▸ THE TASK:
Repeat every line of the data exactly, but not the pictures.

Stored records
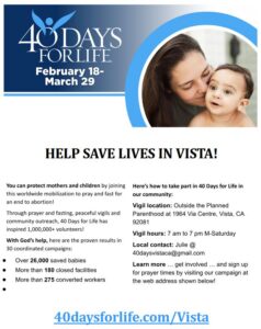 We pray for the workers in these facilities, that they will experience conversion and choose to leave this business. We pray for lives to be spared – for the babies who are at risk, and for their mothers and fathers, who will experience a lifetime of regret, in need of wisdom and help at this juncture. There are resources that you can print on our web page. See “Pro Life Resource Guide North County.” You may provide this resource to any person who approaches you asking for free pregnancy and women’s health resources.
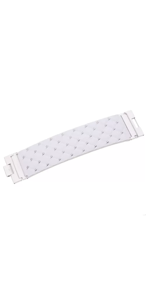 Značka Thierry Mugler sa vyznačuje osobitým a štýlovým prístupom k móde a tiež v oblasti vytvárania šperkov. Tento široký náramok je vyrobený z chirurgickej ocele a po celom svojom obvode je zdobený bielou kožou s drobnými hviezdičkami z ocele v lesklej povrchovej úprave. Chirurgická oceľ sa vyznačuje svojou farebnou stálosťou a tiež tým, že nespôsobuje alergické reakcie. Náramok je možné jednoducho skrátiť pomocou odopínateľného článku v zapínaní.
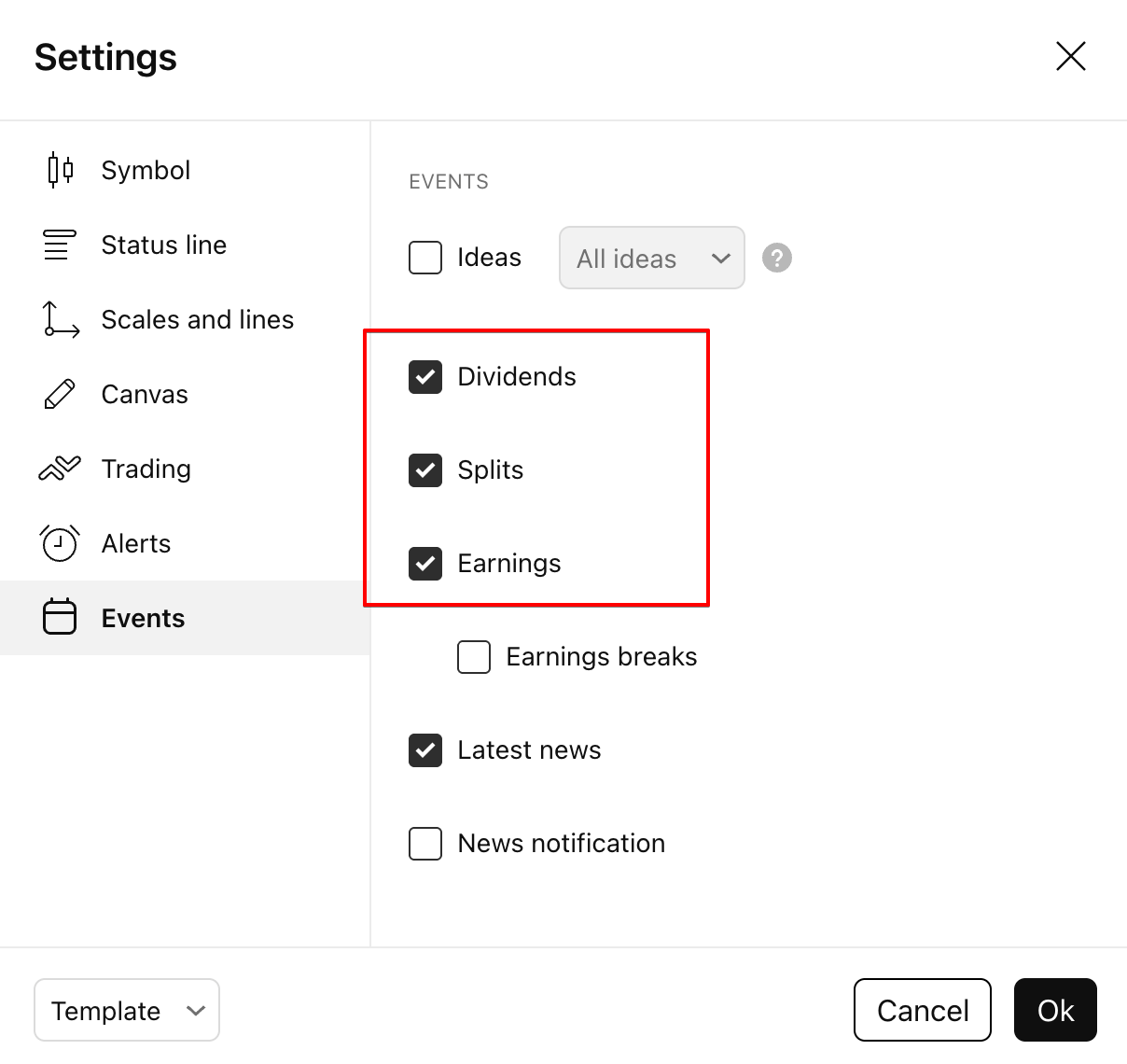 - Make sure that you have enabled the display of dividend, split and earning labels on your chart. To do this, open Chart Settings, go to the Events tab and check the status of your display settings:
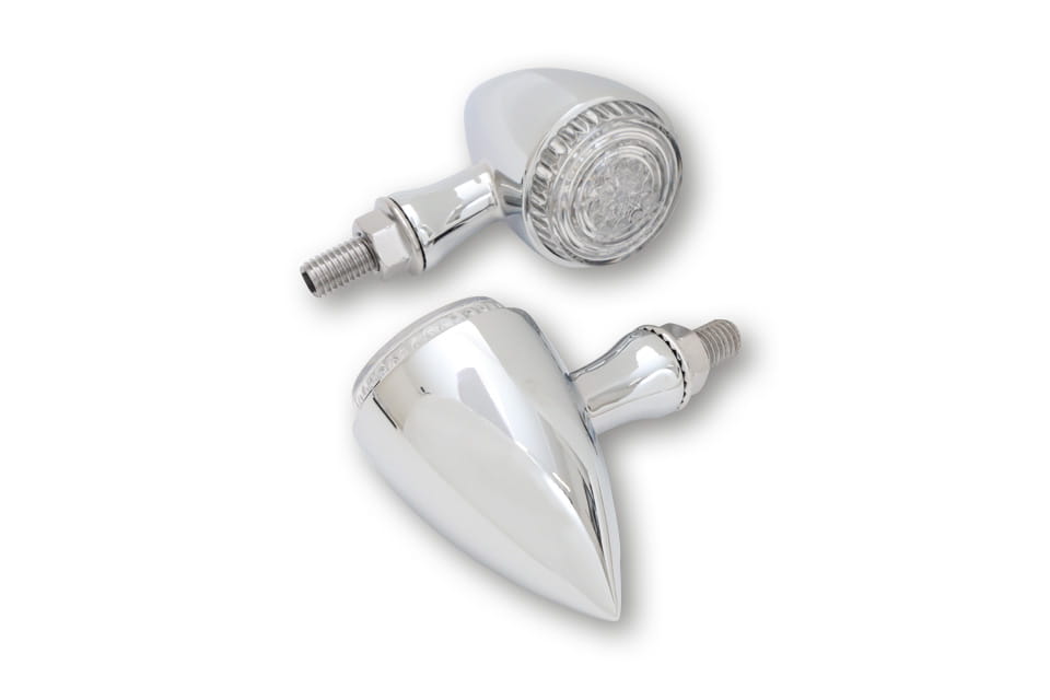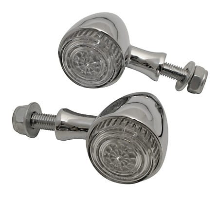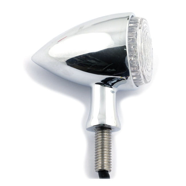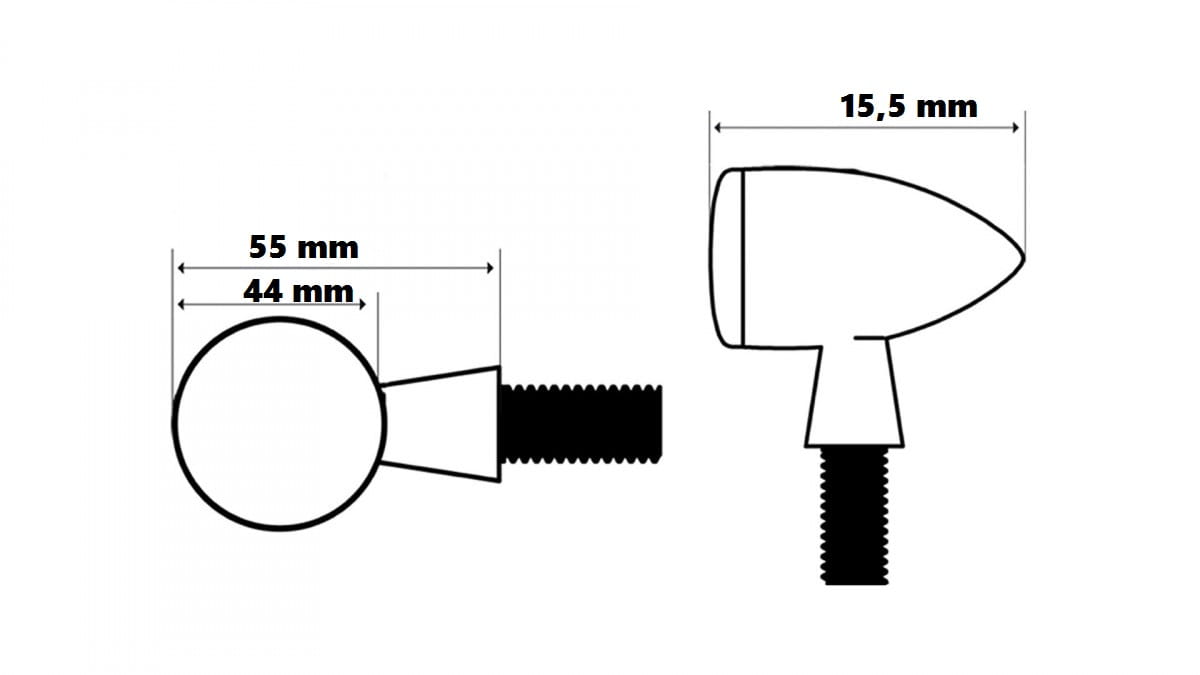 Aluminum body. With LED lighting and clear ECE approved lens. Dimensions: Housing approx. 45mm diameter, insert only 40mm. Stem length 25mm. With M10 x 1.5 threaded bolt.
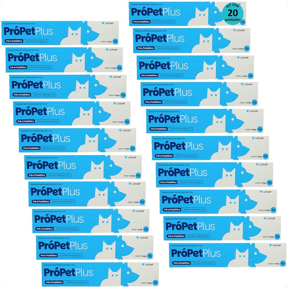 PRÓPET PLUS SUPLEMENTO PRÉ E PROBIÓTICO PARA CÃES E GATOS 14G UCBVET KIT COM 20
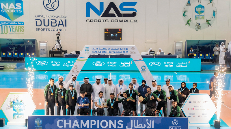 فريق شرطة دبي متوجاً بلقب بطولة كرة السلة على الكراسي المتحركة بتغلبه على «إسعاف دبي» 54–36. من المصدر
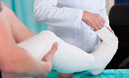 - При получении травмы необходимо вызвать бригаду скорой медицинской помощи или при возможности самостоятельно обратиться в ближайшее медицинское учреждение. Самостоятельно или с помощью окружающих создать условия неподвижности для поврежденной конечности при помощи подручных средств.
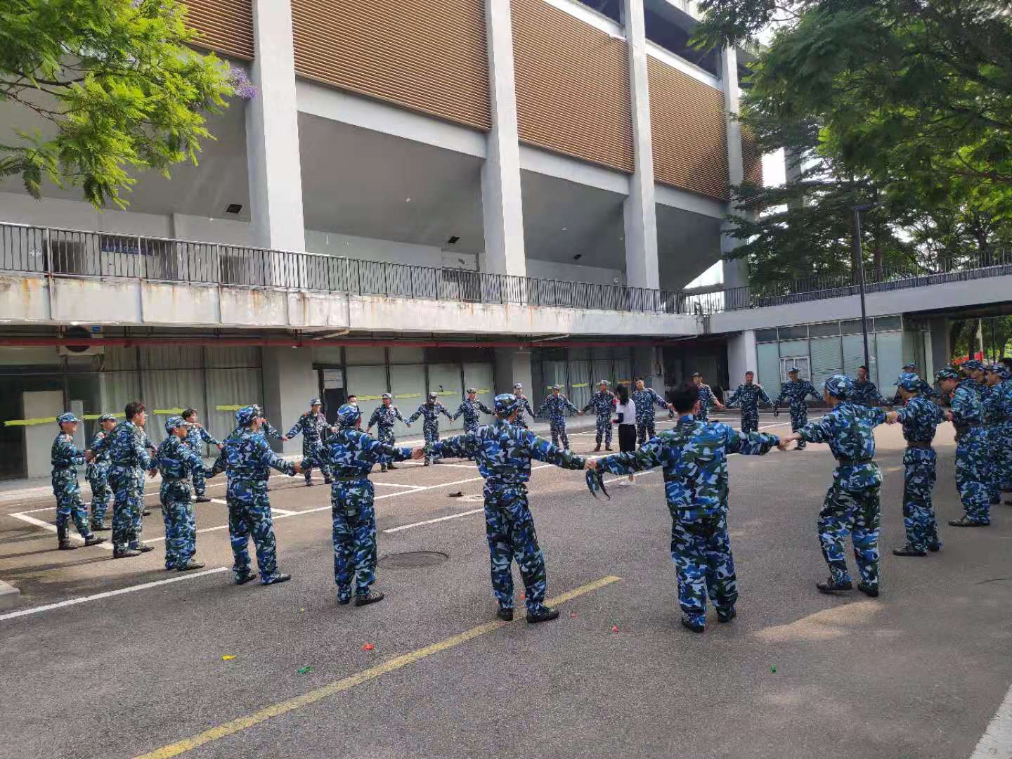 为深入落实“三全育人”综合改革举措,加强“双工联动”实效,在新生入学教育时期开展新生适应性工作,锤炼与养成相结合,引导新生转变、成长,9月16日至22日,学生社区知行学院驻校社工团队15名社工及78名学生志愿者,对2021级全体新生开展素质拓展训练。素质拓展训练贯穿在新生军训期间进行,围绕互动融入、创造力激发、团队协作等内容组织实施,通过营造压力与挑战的情景,帮助新生在团队协作中促进同学之间互相信任,激发学生潜能,获得个人价值感与集体荣誉感。松山湖校区举办了包括活跃气氛、提升专注度的热身活动,注
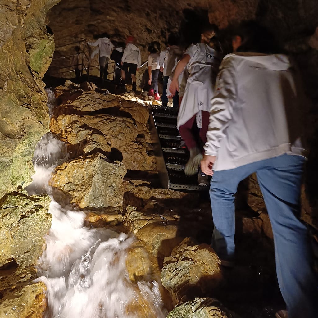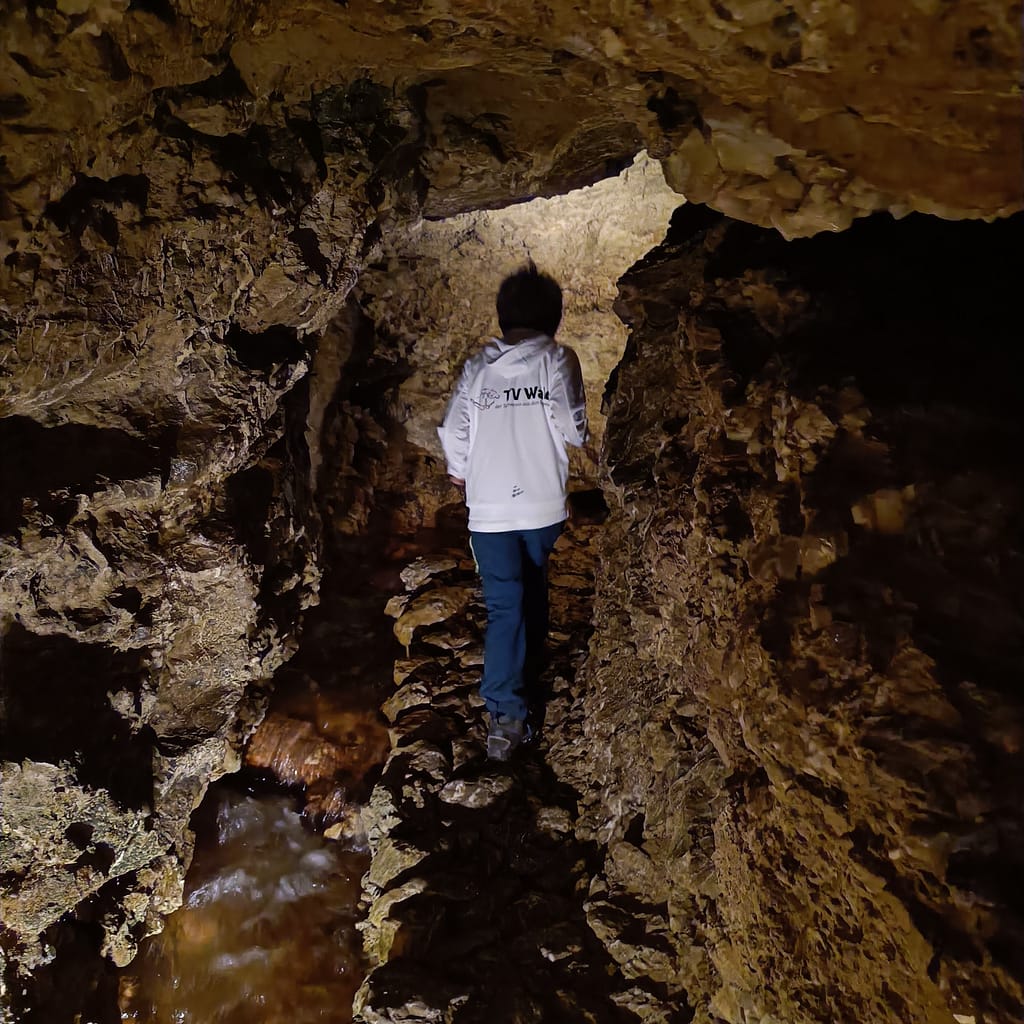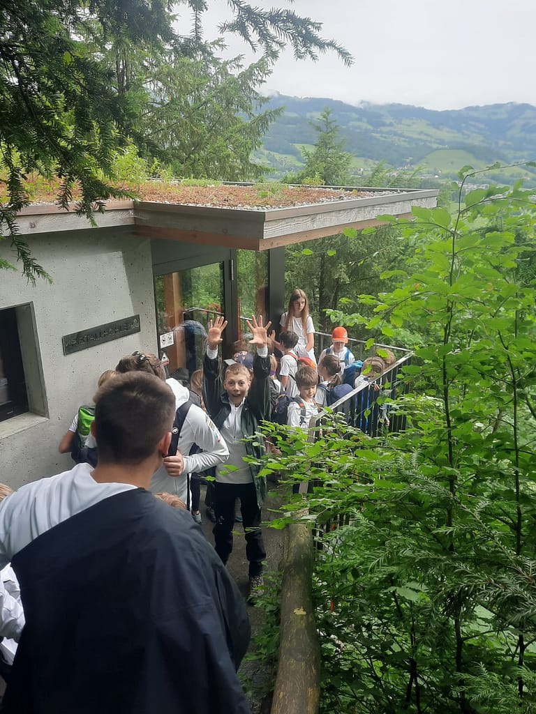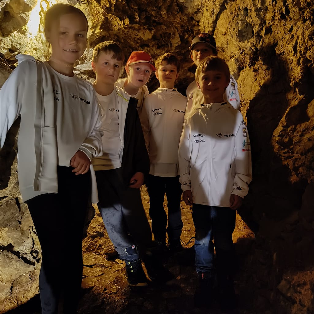 24 Kinder trafen sich um 9 Uhr auf dem Schulhausplatz. Mit Autos und einem Bus ging es nach Oberriet in den Kobelwald zur Kristallhöhle. Nach einem 30-minütigen Spaziergang betraten die Kinder in zwei Gruppen die beeindruckende Unterwelt. In der Höhle hatten vor allem die Kleinen einen Vorteil. Nicht wenige Male mussten wir uns ducken oder über einen kleinen Wasserfall klettern.
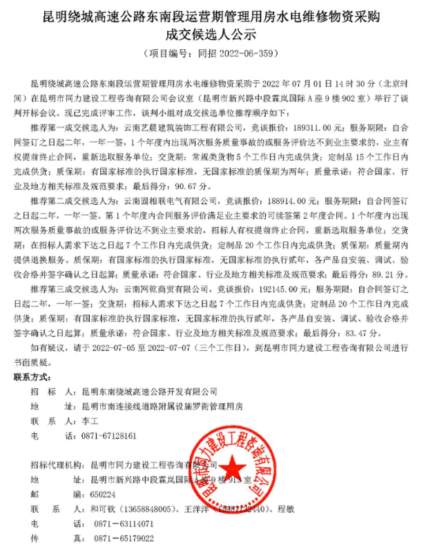 昆明绕城高速公路东南段运营期管理用房水电维修物资采购成交候选人公示
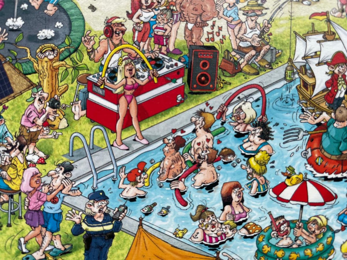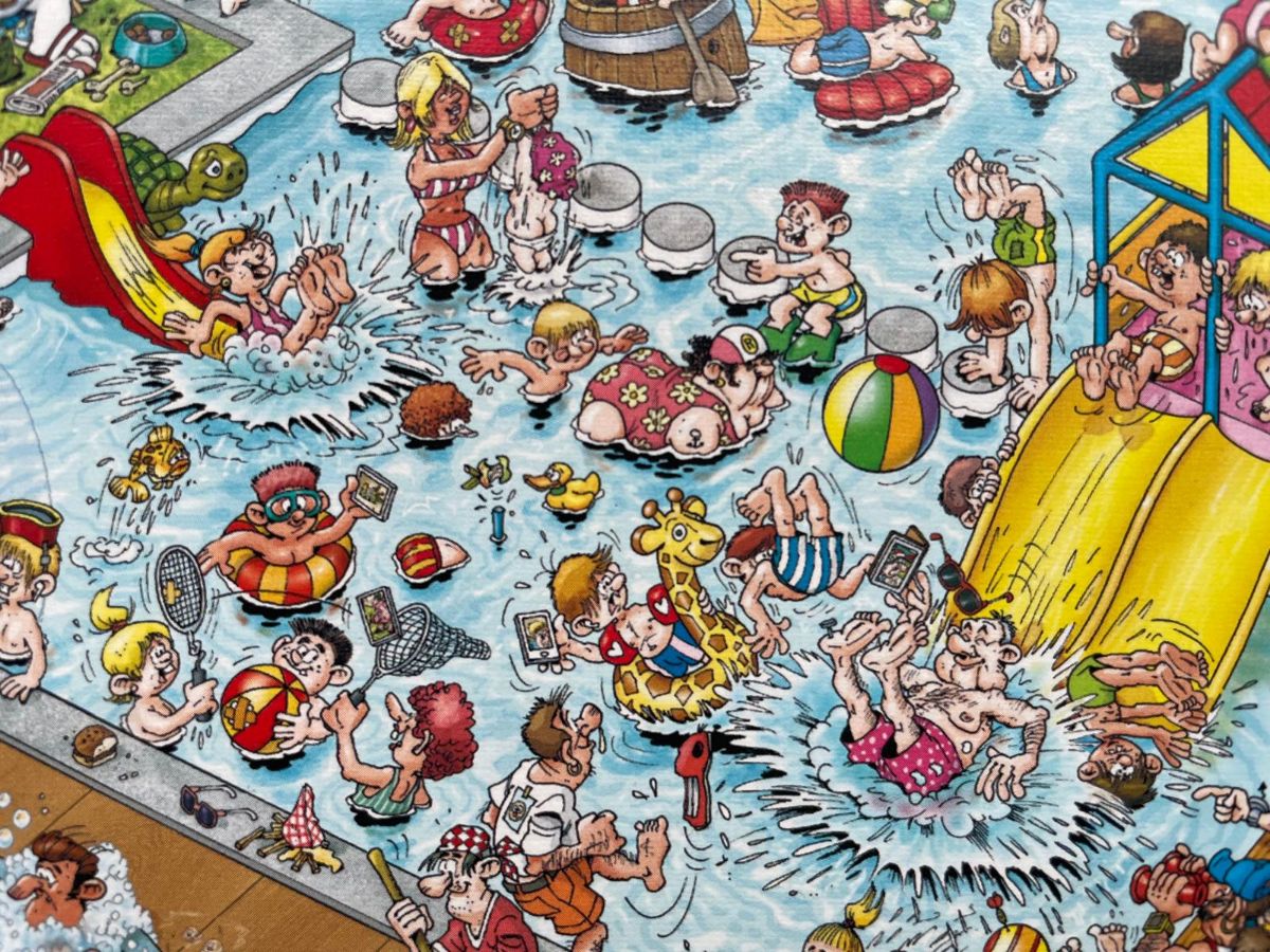 Mijn dochter kreeg de keuze met welke puzzel we zouden beginnen. Zonder te twijfelen ging ze voor de puzzel van het zwembad. En deze springt er zeker ook uit: lekker vrolijk, grappig en je verlangt er meteen van terug naar de zomer.

▸ TASK SOLUTION:
 We pray for the workers in these facilities, that they will experience conversion and choose to leave this business. We pray for lives to be spared – for the babies who are at risk, and for their mothers and fathers, who will experience a lifetime of regret, in need of wisdom and help at this juncture. There are resources that you can print on our web page. See “Pro Life Resource Guide North County.” You may provide this resource to any person who approaches you asking for free pregnancy and women’s health resources.
 Značka Thierry Mugler sa vyznačuje osobitým a štýlovým prístupom k móde a tiež v oblasti vytvárania šperkov. Tento široký náramok je vyrobený z chirurgickej ocele a po celom svojom obvode je zdobený bielou kožou s drobnými hviezdičkami z ocele v lesklej povrchovej úprave. Chirurgická oceľ sa vyznačuje svojou farebnou stálosťou a tiež tým, že nespôsobuje alergické reakcie. Náramok je možné jednoducho skrátiť pomocou odopínateľného článku v zapínaní.
 - Make sure that you have enabled the display of dividend, split and earning labels on your chart. To do this, open Chart Settings, go to the Events tab and check the status of your display settings:
 Aluminum body. With LED lighting and clear ECE approved lens. Dimensions: Housing approx. 45mm diameter, insert only 40mm. Stem length 25mm. With M10 x 1.5 threaded bolt.
 PRÓPET PLUS SUPLEMENTO PRÉ E PROBIÓTICO PARA CÃES E GATOS 14G UCBVET KIT COM 20
 فريق شرطة دبي متوجاً بلقب بطولة كرة السلة على الكراسي المتحركة بتغلبه على «إسعاف دبي» 54–36. من المصدر
 - При получении травмы необходимо вызвать бригаду скорой медицинской помощи или при возможности самостоятельно обратиться в ближайшее медицинское учреждение. Самостоятельно или с помощью окружающих создать условия неподвижности для поврежденной конечности при помощи подручных средств.
 为深入落实“三全育人”综合改革举措,加强“双工联动”实效,在新生入学教育时期开展新生适应性工作,锤炼与养成相结合,引导新生转变、成长,9月16日至22日,学生社区知行学院驻校社工团队15名社工及78名学生志愿者,对2021级全体新生开展素质拓展训练。素质拓展训练贯穿在新生军训期间进行,围绕互动融入、创造力激发、团队协作等内容组织实施,通过营造压力与挑战的情景,帮助新生在团队协作中促进同学之间互相信任,激发学生潜能,获得个人价值感与集体荣誉感。松山湖校区举办了包括活跃气氛、提升专注度的热身活动,注
 24 Kinder trafen sich um 9 Uhr auf dem Schulhausplatz. Mit Autos und einem Bus ging es nach Oberriet in den Kobelwald zur Kristallhöhle. Nach einem 30-minütigen Spaziergang betraten die Kinder in zwei Gruppen die beeindruckende Unterwelt. In der Höhle hatten vor allem die Kleinen einen Vorteil. Nicht wenige Male mussten wir uns ducken oder über einen kleinen Wasserfall klettern.
 昆明绕城高速公路东南段运营期管理用房水电维修物资采购成交候选人公示
 Mijn dochter kreeg de keuze met welke puzzel we zouden beginnen. Zonder te twijfelen ging ze voor de puzzel van het zwembad. En deze springt er zeker ook uit: lekker vrolijk, grappig en je verlangt er meteen van terug naar de zomer.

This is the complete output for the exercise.